## What to produce
All that should come back is the lines of the data below from the one containing "La Liga Marplatense" to the one containing "Rabu: Diprakirakan pagi", inclusive, exactly as they stand.

## Source records
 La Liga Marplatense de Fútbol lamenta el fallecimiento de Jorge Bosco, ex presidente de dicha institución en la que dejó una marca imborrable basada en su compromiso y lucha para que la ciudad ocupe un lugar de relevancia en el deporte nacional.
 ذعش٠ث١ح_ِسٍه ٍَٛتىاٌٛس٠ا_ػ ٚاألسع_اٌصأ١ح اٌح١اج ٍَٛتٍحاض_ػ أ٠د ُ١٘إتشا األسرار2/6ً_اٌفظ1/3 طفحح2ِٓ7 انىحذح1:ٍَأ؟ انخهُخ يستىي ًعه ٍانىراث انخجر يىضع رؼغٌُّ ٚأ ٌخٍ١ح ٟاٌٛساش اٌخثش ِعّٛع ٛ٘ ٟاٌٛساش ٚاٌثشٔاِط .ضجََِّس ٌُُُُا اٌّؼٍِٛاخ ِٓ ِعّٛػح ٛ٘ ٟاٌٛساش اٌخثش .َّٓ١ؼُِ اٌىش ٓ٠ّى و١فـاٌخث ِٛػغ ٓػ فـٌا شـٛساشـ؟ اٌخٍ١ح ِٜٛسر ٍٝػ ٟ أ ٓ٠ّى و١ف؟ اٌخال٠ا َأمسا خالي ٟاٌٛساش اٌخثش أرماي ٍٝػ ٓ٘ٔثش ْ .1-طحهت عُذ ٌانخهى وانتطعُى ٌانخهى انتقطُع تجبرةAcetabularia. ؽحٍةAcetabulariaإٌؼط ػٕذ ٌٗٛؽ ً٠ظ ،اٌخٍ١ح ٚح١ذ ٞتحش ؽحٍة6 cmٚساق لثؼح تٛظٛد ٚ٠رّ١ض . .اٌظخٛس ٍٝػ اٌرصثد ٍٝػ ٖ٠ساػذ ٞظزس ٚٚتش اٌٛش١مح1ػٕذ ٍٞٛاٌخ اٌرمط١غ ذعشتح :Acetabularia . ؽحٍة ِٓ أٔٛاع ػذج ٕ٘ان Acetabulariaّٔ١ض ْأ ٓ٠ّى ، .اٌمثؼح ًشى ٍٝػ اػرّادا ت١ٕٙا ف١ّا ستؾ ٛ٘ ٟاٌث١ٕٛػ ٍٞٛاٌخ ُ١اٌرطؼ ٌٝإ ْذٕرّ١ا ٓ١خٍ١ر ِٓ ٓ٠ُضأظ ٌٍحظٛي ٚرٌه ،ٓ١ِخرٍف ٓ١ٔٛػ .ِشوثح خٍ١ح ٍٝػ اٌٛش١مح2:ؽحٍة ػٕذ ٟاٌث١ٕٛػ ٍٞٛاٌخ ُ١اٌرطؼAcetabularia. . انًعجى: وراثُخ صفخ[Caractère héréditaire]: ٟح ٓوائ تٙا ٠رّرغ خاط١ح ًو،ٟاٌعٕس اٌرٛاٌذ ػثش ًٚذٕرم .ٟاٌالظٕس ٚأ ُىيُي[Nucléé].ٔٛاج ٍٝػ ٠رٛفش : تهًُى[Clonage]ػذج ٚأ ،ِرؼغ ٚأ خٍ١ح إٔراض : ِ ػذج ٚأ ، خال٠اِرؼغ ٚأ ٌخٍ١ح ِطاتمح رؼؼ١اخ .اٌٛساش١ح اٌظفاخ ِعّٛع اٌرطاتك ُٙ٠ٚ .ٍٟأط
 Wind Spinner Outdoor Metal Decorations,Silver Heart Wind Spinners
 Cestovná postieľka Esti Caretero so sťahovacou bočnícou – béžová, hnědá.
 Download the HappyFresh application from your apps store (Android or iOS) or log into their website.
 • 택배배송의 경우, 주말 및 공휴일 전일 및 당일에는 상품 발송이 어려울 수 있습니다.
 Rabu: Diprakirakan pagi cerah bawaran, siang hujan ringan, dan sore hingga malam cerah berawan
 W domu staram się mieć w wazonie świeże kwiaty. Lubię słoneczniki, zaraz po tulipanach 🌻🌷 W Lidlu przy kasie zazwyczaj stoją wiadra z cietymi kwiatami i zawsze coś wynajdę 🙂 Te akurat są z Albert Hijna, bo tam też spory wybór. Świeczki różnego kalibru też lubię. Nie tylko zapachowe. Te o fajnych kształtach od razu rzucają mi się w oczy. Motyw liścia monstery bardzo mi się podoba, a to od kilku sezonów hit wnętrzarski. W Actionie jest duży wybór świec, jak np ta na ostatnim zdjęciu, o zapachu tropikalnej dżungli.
==
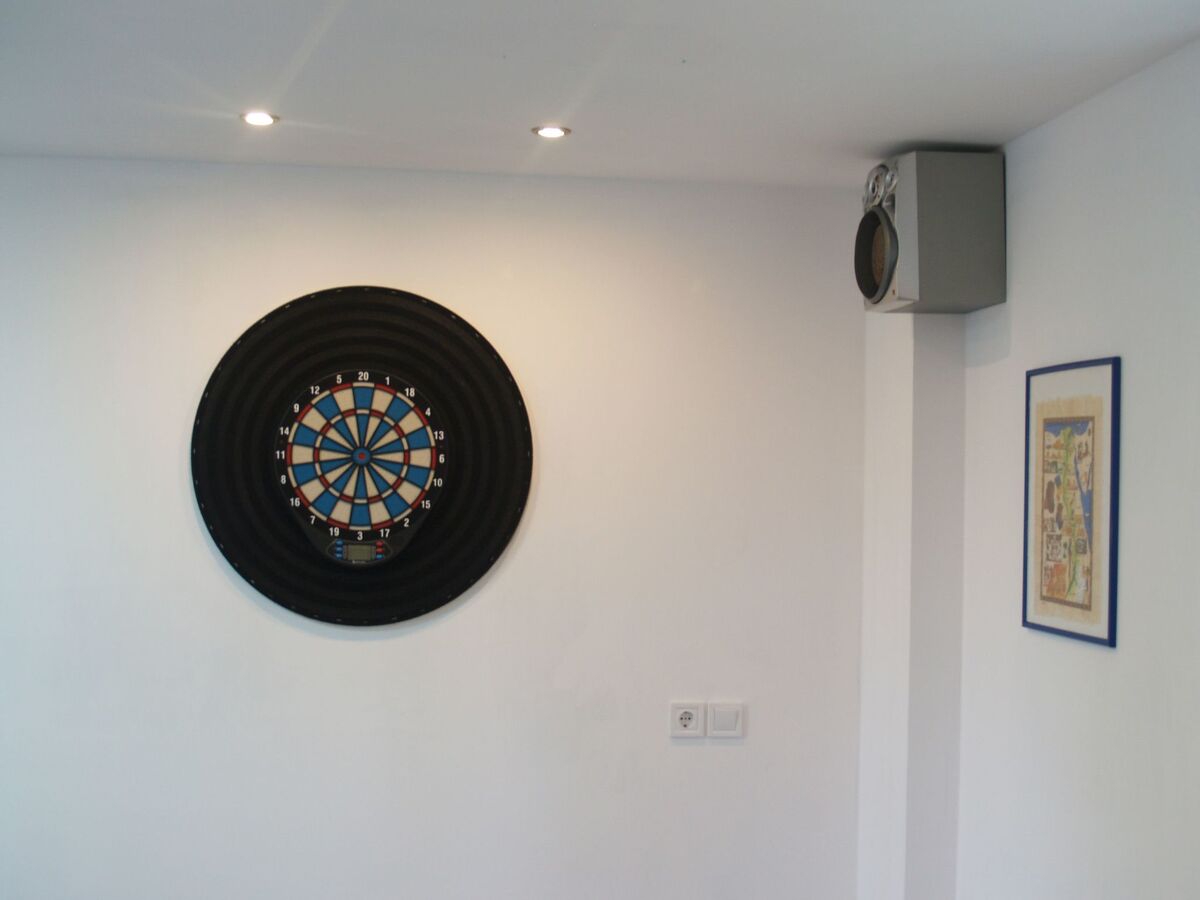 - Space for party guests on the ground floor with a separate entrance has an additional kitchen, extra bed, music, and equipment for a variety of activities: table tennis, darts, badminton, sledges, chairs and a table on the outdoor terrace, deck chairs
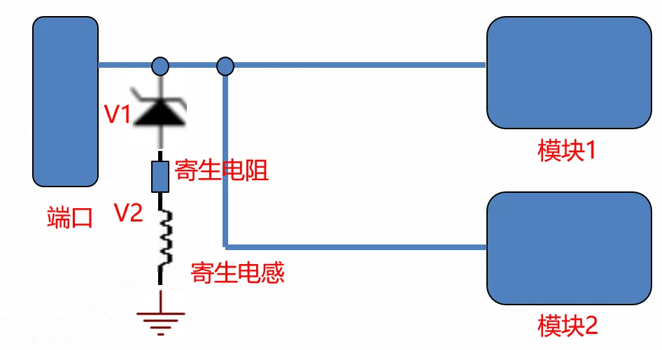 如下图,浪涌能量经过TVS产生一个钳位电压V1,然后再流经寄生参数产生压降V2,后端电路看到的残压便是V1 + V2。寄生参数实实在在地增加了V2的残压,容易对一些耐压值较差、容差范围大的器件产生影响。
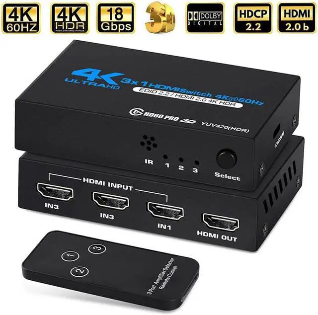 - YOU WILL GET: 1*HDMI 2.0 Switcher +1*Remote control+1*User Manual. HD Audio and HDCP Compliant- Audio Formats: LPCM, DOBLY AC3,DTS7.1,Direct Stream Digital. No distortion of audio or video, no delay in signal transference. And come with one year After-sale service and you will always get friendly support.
---
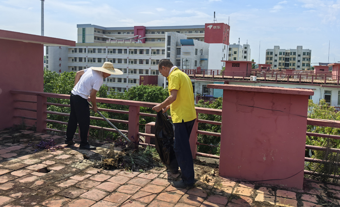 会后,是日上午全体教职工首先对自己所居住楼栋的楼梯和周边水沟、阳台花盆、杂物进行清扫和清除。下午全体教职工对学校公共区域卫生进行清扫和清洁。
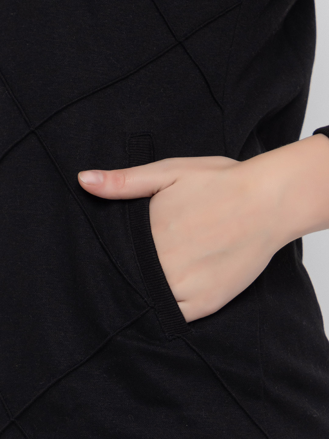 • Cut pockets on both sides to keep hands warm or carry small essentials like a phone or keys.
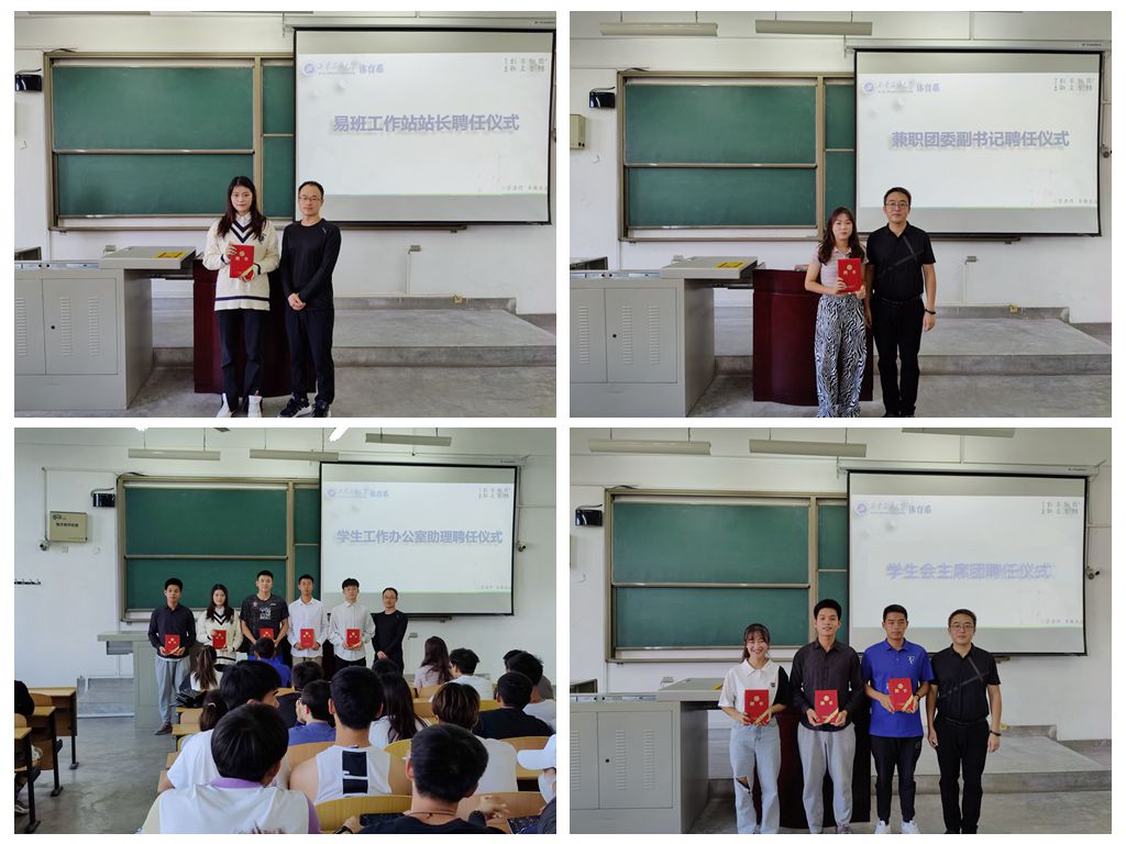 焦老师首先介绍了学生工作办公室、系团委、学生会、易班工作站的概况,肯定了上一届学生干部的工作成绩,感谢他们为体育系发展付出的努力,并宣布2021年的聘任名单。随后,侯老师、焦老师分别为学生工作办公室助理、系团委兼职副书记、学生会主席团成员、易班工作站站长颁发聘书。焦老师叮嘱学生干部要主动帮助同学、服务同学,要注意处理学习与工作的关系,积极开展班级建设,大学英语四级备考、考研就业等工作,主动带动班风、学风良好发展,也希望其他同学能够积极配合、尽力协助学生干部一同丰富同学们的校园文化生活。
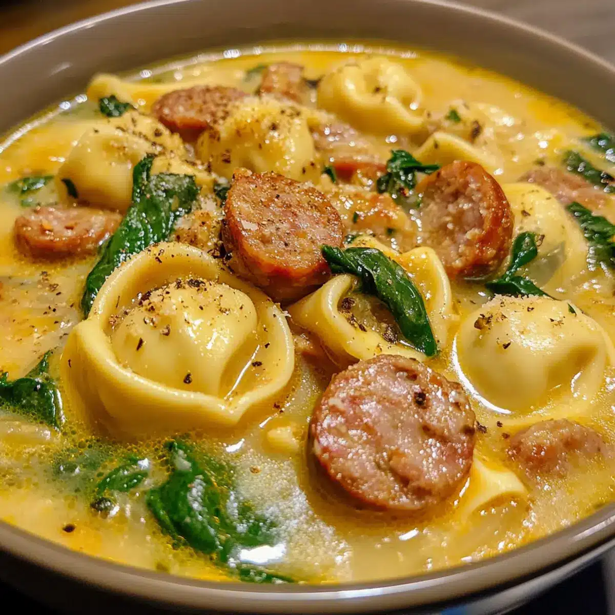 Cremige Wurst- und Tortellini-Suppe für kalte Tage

## Response area
 La Liga Marplatense de Fútbol lamenta el fallecimiento de Jorge Bosco, ex presidente de dicha institución en la que dejó una marca imborrable basada en su compromiso y lucha para que la ciudad ocupe un lugar de relevancia en el deporte nacional.
 ذعش٠ث١ح_ِسٍه ٍَٛتىاٌٛس٠ا_ػ ٚاألسع_اٌصأ١ح اٌح١اج ٍَٛتٍحاض_ػ أ٠د ُ١٘إتشا األسرار2/6ً_اٌفظ1/3 طفحح2ِٓ7 انىحذح1:ٍَأ؟ انخهُخ يستىي ًعه ٍانىراث انخجر يىضع رؼغٌُّ ٚأ ٌخٍ١ح ٟاٌٛساش اٌخثش ِعّٛع ٛ٘ ٟاٌٛساش ٚاٌثشٔاِط .ضجََِّس ٌُُُُا اٌّؼٍِٛاخ ِٓ ِعّٛػح ٛ٘ ٟاٌٛساش اٌخثش .َّٓ١ؼُِ اٌىش ٓ٠ّى و١فـاٌخث ِٛػغ ٓػ فـٌا شـٛساشـ؟ اٌخٍ١ح ِٜٛسر ٍٝػ ٟ أ ٓ٠ّى و١ف؟ اٌخال٠ا َأمسا خالي ٟاٌٛساش اٌخثش أرماي ٍٝػ ٓ٘ٔثش ْ .1-طحهت عُذ ٌانخهى وانتطعُى ٌانخهى انتقطُع تجبرةAcetabularia. ؽحٍةAcetabulariaإٌؼط ػٕذ ٌٗٛؽ ً٠ظ ،اٌخٍ١ح ٚح١ذ ٞتحش ؽحٍة6 cmٚساق لثؼح تٛظٛد ٚ٠رّ١ض . .اٌظخٛس ٍٝػ اٌرصثد ٍٝػ ٖ٠ساػذ ٞظزس ٚٚتش اٌٛش١مح1ػٕذ ٍٞٛاٌخ اٌرمط١غ ذعشتح :Acetabularia . ؽحٍة ِٓ أٔٛاع ػذج ٕ٘ان Acetabulariaّٔ١ض ْأ ٓ٠ّى ، .اٌمثؼح ًشى ٍٝػ اػرّادا ت١ٕٙا ف١ّا ستؾ ٛ٘ ٟاٌث١ٕٛػ ٍٞٛاٌخ ُ١اٌرطؼ ٌٝإ ْذٕرّ١ا ٓ١خٍ١ر ِٓ ٓ٠ُضأظ ٌٍحظٛي ٚرٌه ،ٓ١ِخرٍف ٓ١ٔٛػ .ِشوثح خٍ١ح ٍٝػ اٌٛش١مح2:ؽحٍة ػٕذ ٟاٌث١ٕٛػ ٍٞٛاٌخ ُ١اٌرطؼAcetabularia. . انًعجى: وراثُخ صفخ[Caractère héréditaire]: ٟح ٓوائ تٙا ٠رّرغ خاط١ح ًو،ٟاٌعٕس اٌرٛاٌذ ػثش ًٚذٕرم .ٟاٌالظٕس ٚأ ُىيُي[Nucléé].ٔٛاج ٍٝػ ٠رٛفش : تهًُى[Clonage]ػذج ٚأ ،ِرؼغ ٚأ خٍ١ح إٔراض : ِ ػذج ٚأ ، خال٠اِرؼغ ٚأ ٌخٍ١ح ِطاتمح رؼؼ١اخ .اٌٛساش١ح اٌظفاخ ِعّٛع اٌرطاتك ُٙ٠ٚ .ٍٟأط
 Wind Spinner Outdoor Metal Decorations,Silver Heart Wind Spinners
 Cestovná postieľka Esti Caretero so sťahovacou bočnícou – béžová, hnědá.
 Download the HappyFresh application from your apps store (Android or iOS) or log into their website.
 • 택배배송의 경우, 주말 및 공휴일 전일 및 당일에는 상품 발송이 어려울 수 있습니다.
 Rabu: Diprakirakan pagi cerah bawaran, siang hujan ringan, dan sore hingga malam cerah berawan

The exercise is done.